UNION — Last Thursday the City of Union was subjected to a localized heavy rainfall that flooded city streets and yards.
Doug Carmichael of Phillipsburg-Union Road sustained damage to his property, specifically to a detached garage behind his home, which has never experienced flood damage in the 25 years since it was built. He discussed the matter at Monday night’s city council meeting.
“I have never had water inside that garage,” Carmichael said. “I had six inches about five weeks ago because the storm drain up the road was clogged with corn stalks and such. It was supposed to remedy the problem when it got cleaned out, but this time when it rained it was even worse. I had about eight inches of water in there and it damaged drywall and insulation, chain saws and a lot of stuff got ruined. I have never had this issue, even when I-70 flooded a few years ago. It just seems like the sewer system can’t handle what we are putting into it now. I know it rained a lot, but it has rained a lot in the past 30 years and I’ve never had water in the garage, much less eight inches.”

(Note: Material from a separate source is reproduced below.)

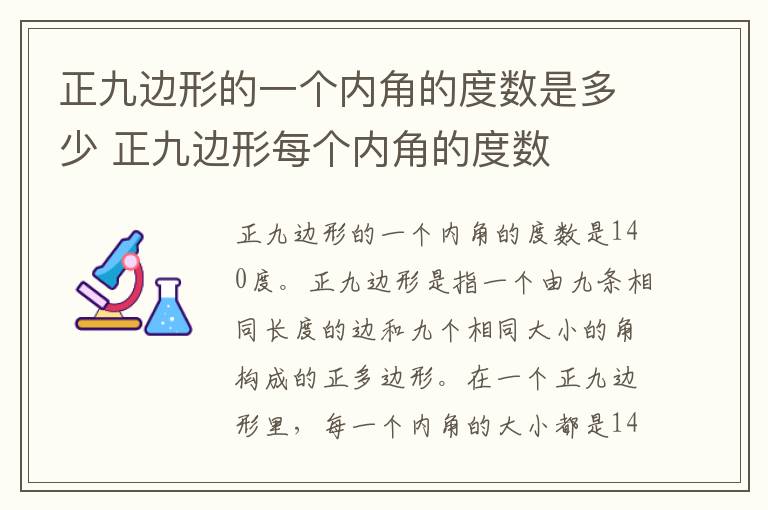 正九边形的一个内角的度数是140度。正九边形是指一个由九条相同长度的边和九个相同大小的角构成的正多边形。在一个正九边形里,每一个内角的大小都是140度,每一个外角大小都是40度。在平面多边形中,边数相等的凸多边形和凹多边形内角和相等。但是空间多边形不适用,可逆用公式。
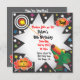 Super-Spaß Laser Tag Geburtstag Einladung mit bunten Laserpistolen Schießen auf ein Bullseye-Ziel mit coolen Comic Buch-Sternexplosionen und Wolke Gedanken Blasen. Anpassbar an Ihre Bedürfnisse. Handgezeichnete Abbildung von McBooboo.

Mayor Michael O’Callaghan asked if Carmichael had reported the flooding issue to the city prior to coming to the council meeting. Carmichael said his wife notified the city when it occurred five weeks ago and that is when the drain up the street was found to be clogged with corn stalks and all the storm water flowed through residents’ yards.
“This time it wasn’t the case. That drain is clear and it still rolled down through my yard,” Carmichael said.
Carmichael said he would like the city to run a camera through the storm drain in his yard out to the street to see if there is any obstruction.
City Manager John Applegate said the city received a lot of calls after the rain.
“We had a rain event on Thursday that we have never had before in this community. It is what I call a localized event,” Applegate said. “I can tell you we’ve never had water shoot across there at Hardin Creek where the headwall is, across Phillipsburg-Union Road twelve inches deep or deeper.”
The storm sewer system which goes by Applegate’s house and ends up down at Carmichael’s and goes across 48 couldn’t handle all the rain and flooded nearby streets. He noted that water was pouring across Sweet Potato Ridge Road because of all the water coming out a woods and from parts of Clayton and a small portion of Englewood.
“It all flows and ends up over by his house and my house,” Applegate said. “My wife called me while I was in a meeting in Dayton and said, ‘Can I abandon ship?’ I said, what do you mean? She said, ‘Well, we have lake front property.’ The last three rains the water ran behind our out buildings. This time it was behind the buildings, through my back barn and in front of it. The whole rear yard was nothing but six to seven inches of water running through the fence and flooding Maple Garden and Parkgrove roads as it headed to the Stillwater River. We got a lot of phone calls and we looked at everything.”
Applegate had his road department personnel walk from the falls through a five foot pipe all the way up and it was spotless. They looked up every catch basin and up every line.
“We are going to put a TV camera in one line from Lutz Drive back because the old system originally all ran over to Lutz Drive and then across 48,” Applegate said.
When the bridge on Phillipsburg-Union washed out years ago the city put ina new culvert with a six inch pipe and tied the catch basins in that were behind Keller and a section of Lutz into the new system so that there are now two lines going out of the catch basins.
Applegate said the city received 6.34 inches of rain Thursday.
“We got all the water and whenever a system backs up there is nowhere for it to go, so it floods the streets and just starts seeking its own route to get to the Stillwater,” he said. “The rain event we had, there is nothing that can handle that. I’ve got a yard full of water; he has a garage full of water. I don’t know what to tell you. Most storm sewer systems are designed for 25-year storm events. I know when we put the culvert in along Phillipsburg-Union it was sized for a bigger event because of the area it takes in and was sized for a 50 or 60-year event and I would say we probably had a 100-year event in a very short duration of time.”
Applegate said he sympathized with what Carmichael experienced but said there was no answer. He said even if the city could afford to put in a bigger pipe, depending on what Mother Nature does flooding would still occur.
“Usually this time of year we get thunderstorms of very short duration that gives us a nice rain and it quits,” Applegate added. “Like I said, this was not a nice rain. It was ugly and we had water everywhere.”